**YOUR ASSIGNMENT**
From the records below, output exactly the lines running from the line containing "OBSERVAÇÕES IMPORTANTES : AS" through the line containing "3646833. TWO RECONSTITUTED", and no others.

**DATASET EXTRACT**
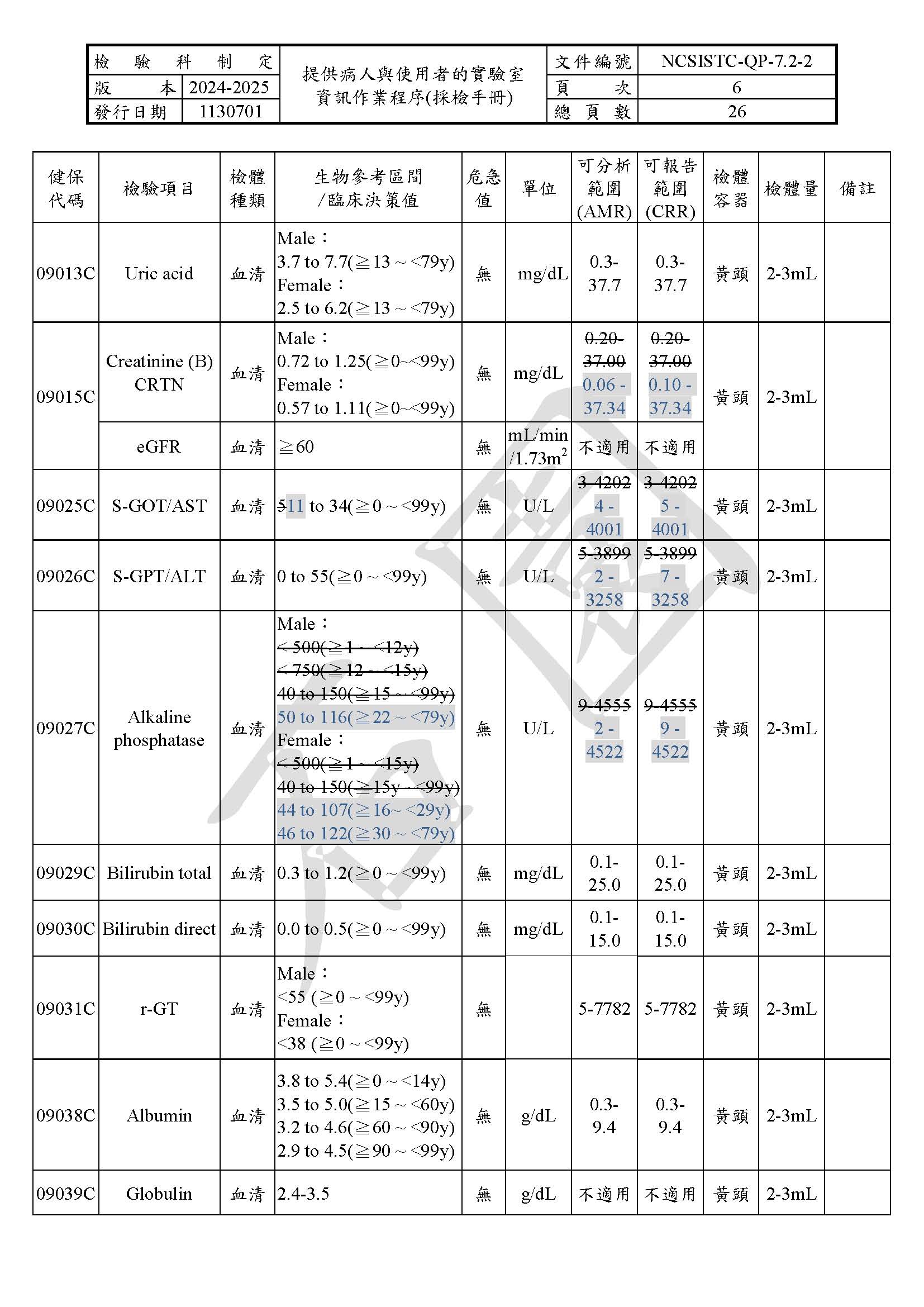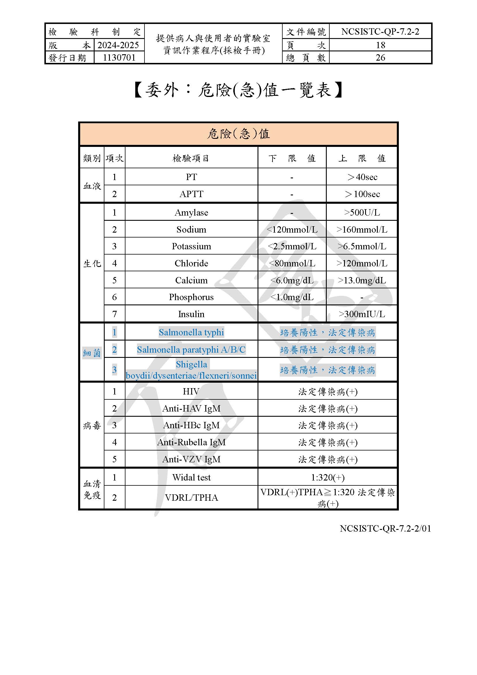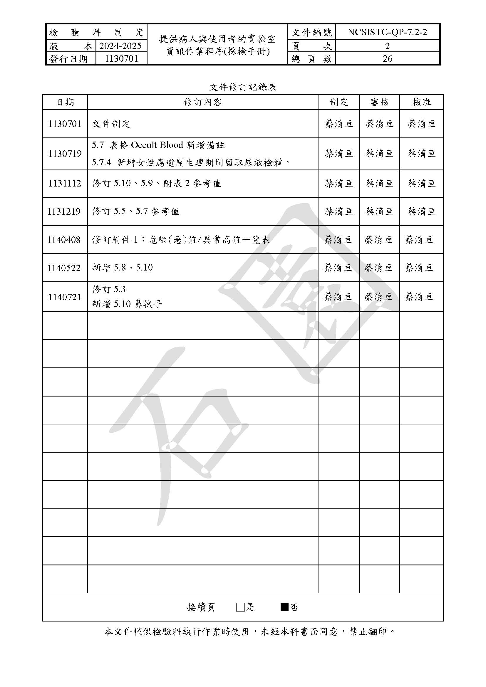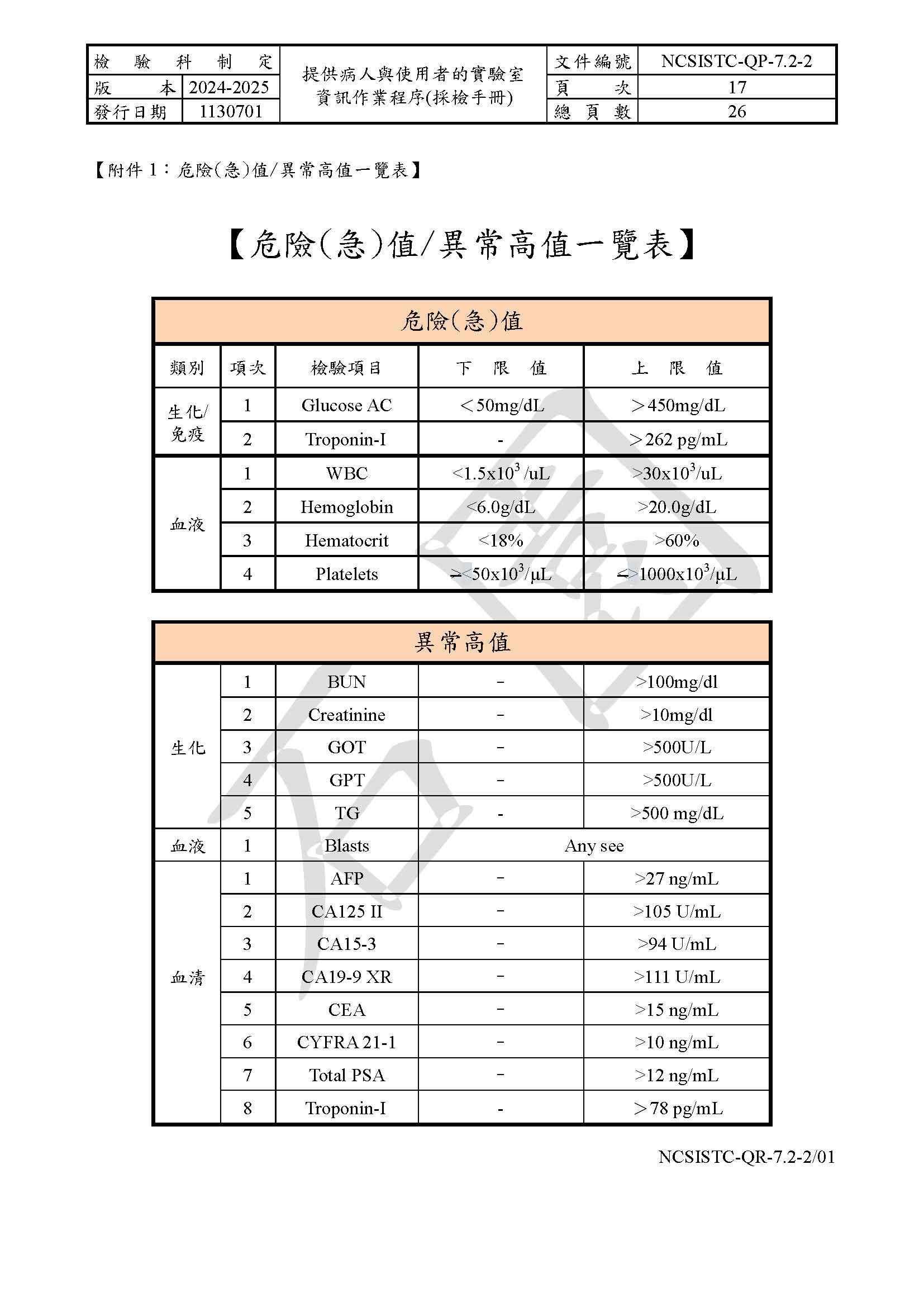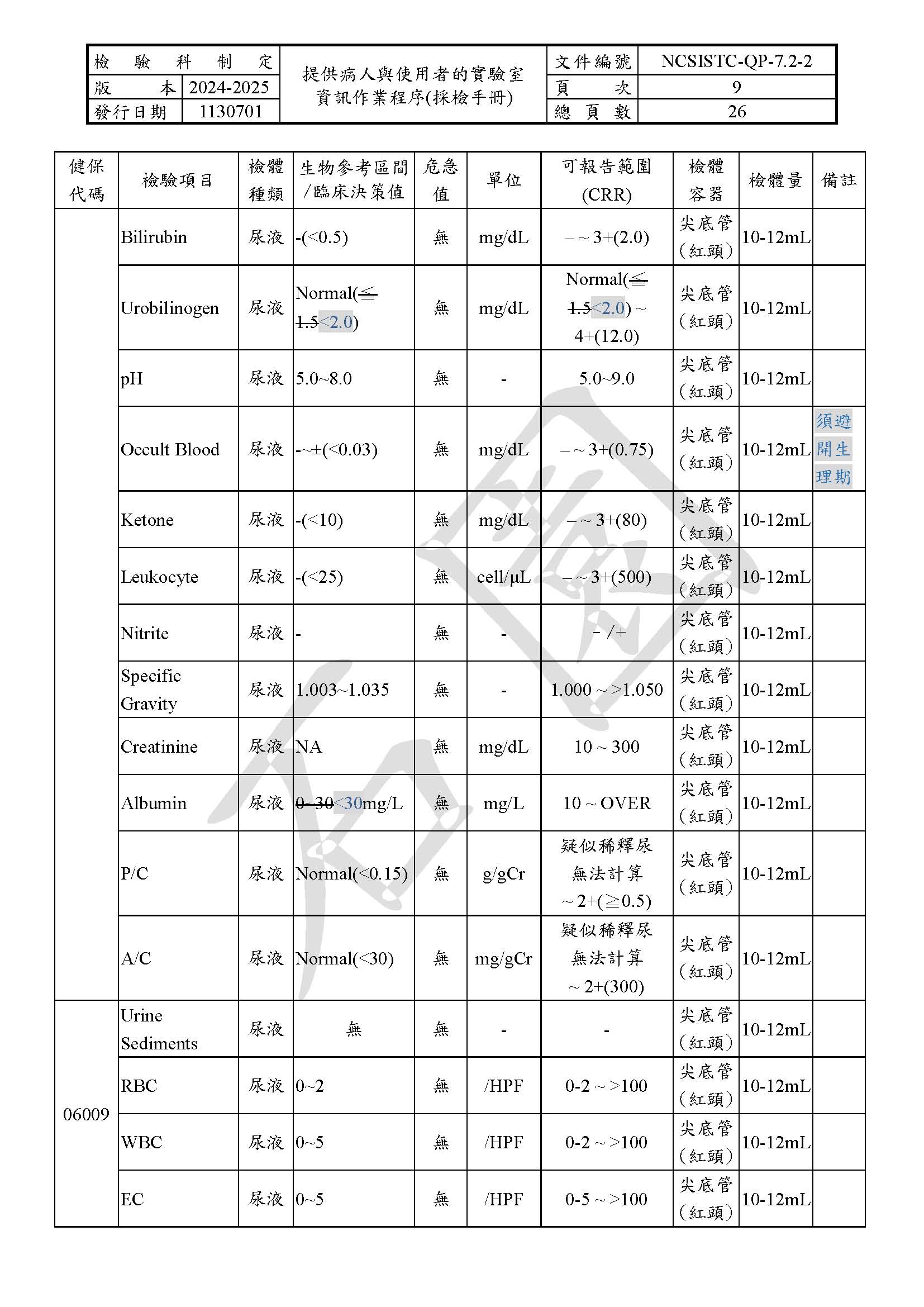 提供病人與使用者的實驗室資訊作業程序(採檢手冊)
---
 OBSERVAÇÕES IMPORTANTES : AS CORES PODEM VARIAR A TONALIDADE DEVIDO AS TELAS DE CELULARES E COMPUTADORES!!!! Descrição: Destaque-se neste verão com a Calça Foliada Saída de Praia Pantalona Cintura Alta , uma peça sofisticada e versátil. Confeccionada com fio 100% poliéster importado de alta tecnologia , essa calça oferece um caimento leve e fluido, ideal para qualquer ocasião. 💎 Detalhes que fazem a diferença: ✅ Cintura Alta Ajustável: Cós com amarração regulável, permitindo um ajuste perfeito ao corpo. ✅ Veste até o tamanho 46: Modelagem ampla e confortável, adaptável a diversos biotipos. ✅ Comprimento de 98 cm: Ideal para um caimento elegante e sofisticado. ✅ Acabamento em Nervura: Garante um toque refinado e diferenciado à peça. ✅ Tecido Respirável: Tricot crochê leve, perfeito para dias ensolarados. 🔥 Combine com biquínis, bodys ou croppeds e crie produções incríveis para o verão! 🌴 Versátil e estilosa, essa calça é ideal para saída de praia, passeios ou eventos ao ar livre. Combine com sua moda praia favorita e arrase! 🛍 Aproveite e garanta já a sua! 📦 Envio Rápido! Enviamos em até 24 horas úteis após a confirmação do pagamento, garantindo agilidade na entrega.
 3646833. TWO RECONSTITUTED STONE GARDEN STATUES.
--
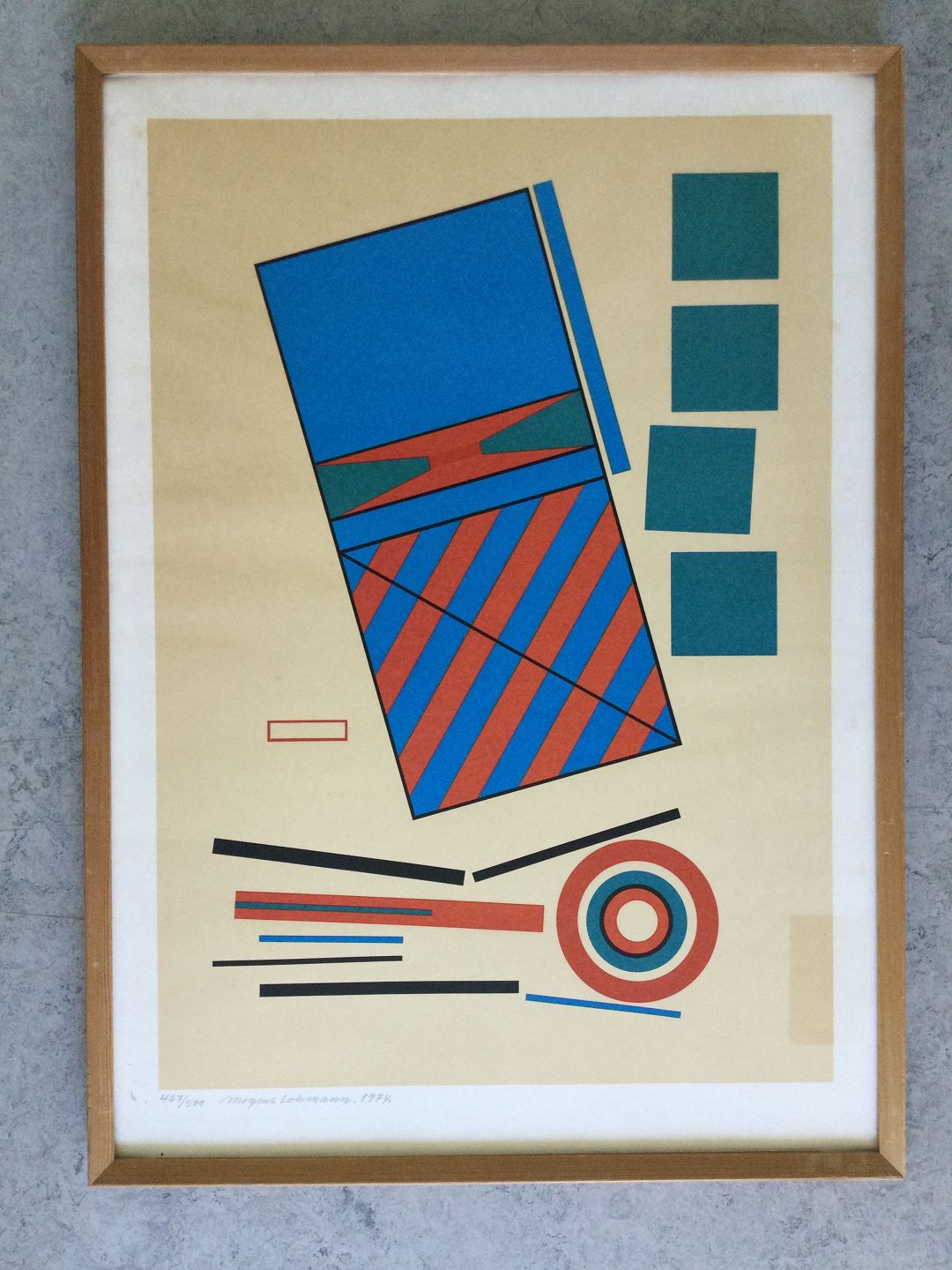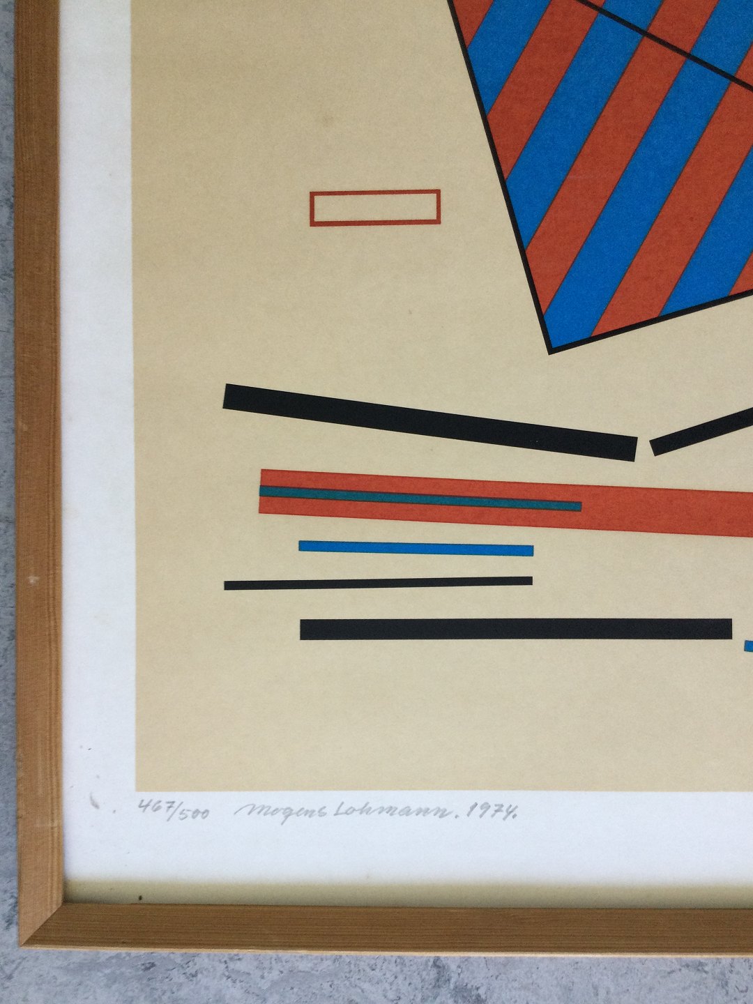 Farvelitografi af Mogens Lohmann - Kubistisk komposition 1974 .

**TASK OUTPUT**
 OBSERVAÇÕES IMPORTANTES : AS CORES PODEM VARIAR A TONALIDADE DEVIDO AS TELAS DE CELULARES E COMPUTADORES!!!! Descrição: Destaque-se neste verão com a Calça Foliada Saída de Praia Pantalona Cintura Alta , uma peça sofisticada e versátil. Confeccionada com fio 100% poliéster importado de alta tecnologia , essa calça oferece um caimento leve e fluido, ideal para qualquer ocasião. 💎 Detalhes que fazem a diferença: ✅ Cintura Alta Ajustável: Cós com amarração regulável, permitindo um ajuste perfeito ao corpo. ✅ Veste até o tamanho 46: Modelagem ampla e confortável, adaptável a diversos biotipos. ✅ Comprimento de 98 cm: Ideal para um caimento elegante e sofisticado. ✅ Acabamento em Nervura: Garante um toque refinado e diferenciado à peça. ✅ Tecido Respirável: Tricot crochê leve, perfeito para dias ensolarados. 🔥 Combine com biquínis, bodys ou croppeds e crie produções incríveis para o verão! 🌴 Versátil e estilosa, essa calça é ideal para saída de praia, passeios ou eventos ao ar livre. Combine com sua moda praia favorita e arrase! 🛍 Aproveite e garanta já a sua! 📦 Envio Rápido! Enviamos em até 24 horas úteis após a confirmação do pagamento, garantindo agilidade na entrega.
 3646833. TWO RECONSTITUTED STONE GARDEN STATUES.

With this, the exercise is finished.